Items listed in a dataset
# # #

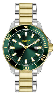 Band Material: Stainless Steel, Band Tone: Steel,Gold, Band Width: 22MM, Band Length: 191MM, Crown Type: Push, Case Material: Stainless Steel, Case Tone: Steel, Case Size [mm]: 45, Crystal Type: Flame Fusion, Dial Material: Brass, Dial Color: Green .Purchasing these parts and having a non-authorized repair center open your watch voids all manufacturing warranties. Invicta cannot guarantee the quality standards of an altered timepiece, the standard 3-year limited warranty on Invicta timepieces shall be invalid if the timepiece is serviced at any time by an unauthorized repair center. This includes battery replacements, which must be done at an Invicta authorized repair center in order to maintain the eligibility of the warranty. Please follow the link below to learn more about Invicta's warranty.https://cdn.invictawatch.com/www/files/invicta-warranty-2018.pdf
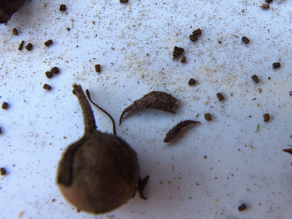 seed capsules that contain up to 100 very small seeds, the rectangular dots in
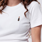 Super hochwertiges Bio Baumwoll Cropped T-Shirt mir der offiziell gestickten Mionetto Prosecco Flasche in drei verschiedenen Schnitt-Varianten: Ripped, Regular & Oversized
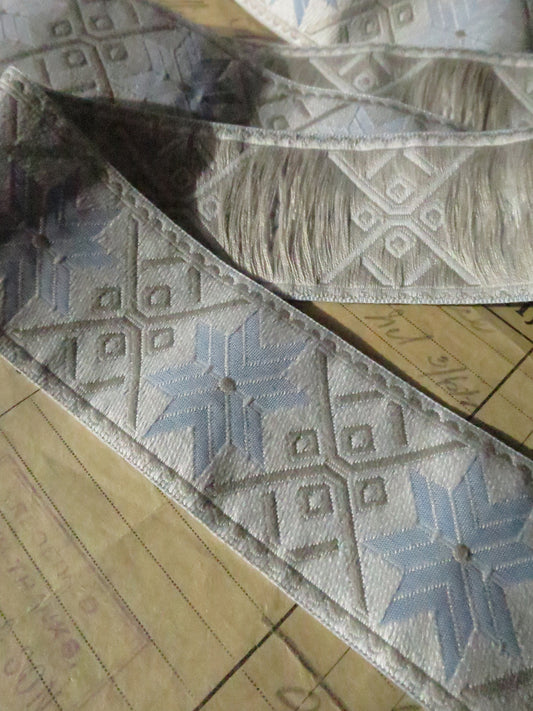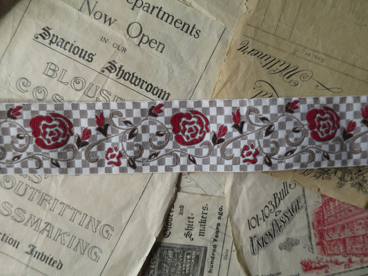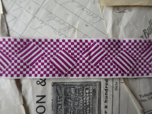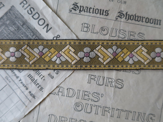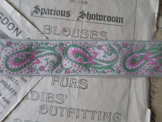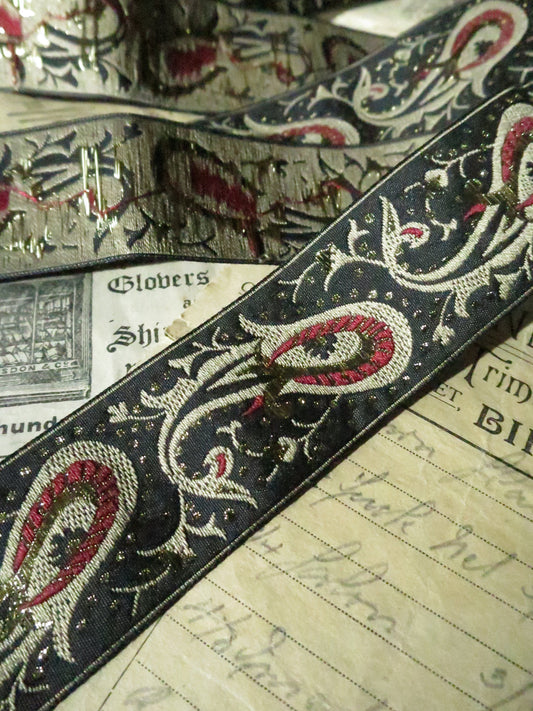 Shop patterned jacquard ribbons woven on heritage German looms, featuring classic trellis, paisley, Art Deco and geometric motifs in approximately 12 to 50 mm widths, sold by the metre. These richly textured woven trims are ideal for couture finishing, bridal details, gift wrapping, embroidery accents, interiors and creative craft work. Choose your favourite pattern and width, then order the exact length you need with trusted heritage quality and fast UK delivery from Penelope Textiles.
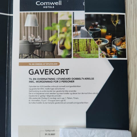 Jeg sælger et ophold for 2 personer på udvalgte comwell hoteller for 2 personer.
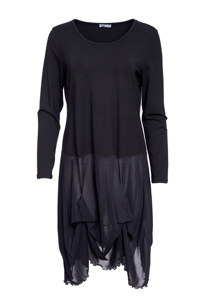 NAYA NAYA NAW25124 Round Neck Dress With Ruched Mesh Hem Panel
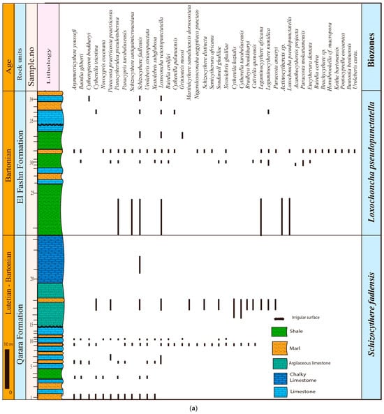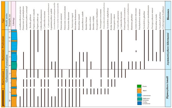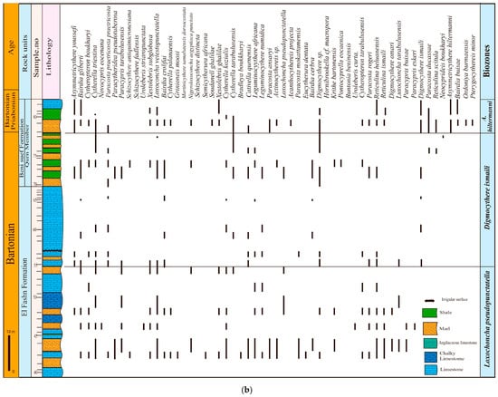 - Main taxa: Forty-eight ostracod species and subspecies are recorded in this zone. Five species have their first occurrence in this zone and are restricted to it: Paracypris buisae, Digmocythere omari, Buntonia bassiounni, Hornibroolella cf. macropora, Eucytherura dentata, and Uroleberis curta. Additionally, four species extend from the underlying zone and disappear in this zone: Schizocythere fadlensis, Schizocythere distincta, Bradleya boukharyi, and Urolebris striatopunctata. Meanwhile, sixteen species that occur in this zone have a stratigraphic distribution extending into the overlying zone, and the remaining ostracod species are transitional, i.e., they occur in this zone and extend from the underlying to the overlying zones (Figure 8a,b).
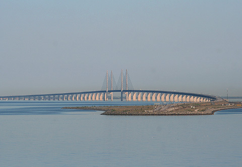 Seit 2000 verbindet die 8 km lange und 57 Meter hohe Brücke als längste Schrägseilbrücke der Welt die dänische Hauptstadt Kopenhagen mit dem schwedischen Malmö.

# # #

What you need to produce is an exact copy of the entries above, limited to the lines from the one with "seed capsules that" up to and including the one with "Super hochwertiges Bio", without pictures.

 seed capsules that contain up to 100 very small seeds, the rectangular dots in
 Super hochwertiges Bio Baumwoll Cropped T-Shirt mir der offiziell gestickten Mionetto Prosecco Flasche in drei verschiedenen Schnitt-Varianten: Ripped, Regular & Oversized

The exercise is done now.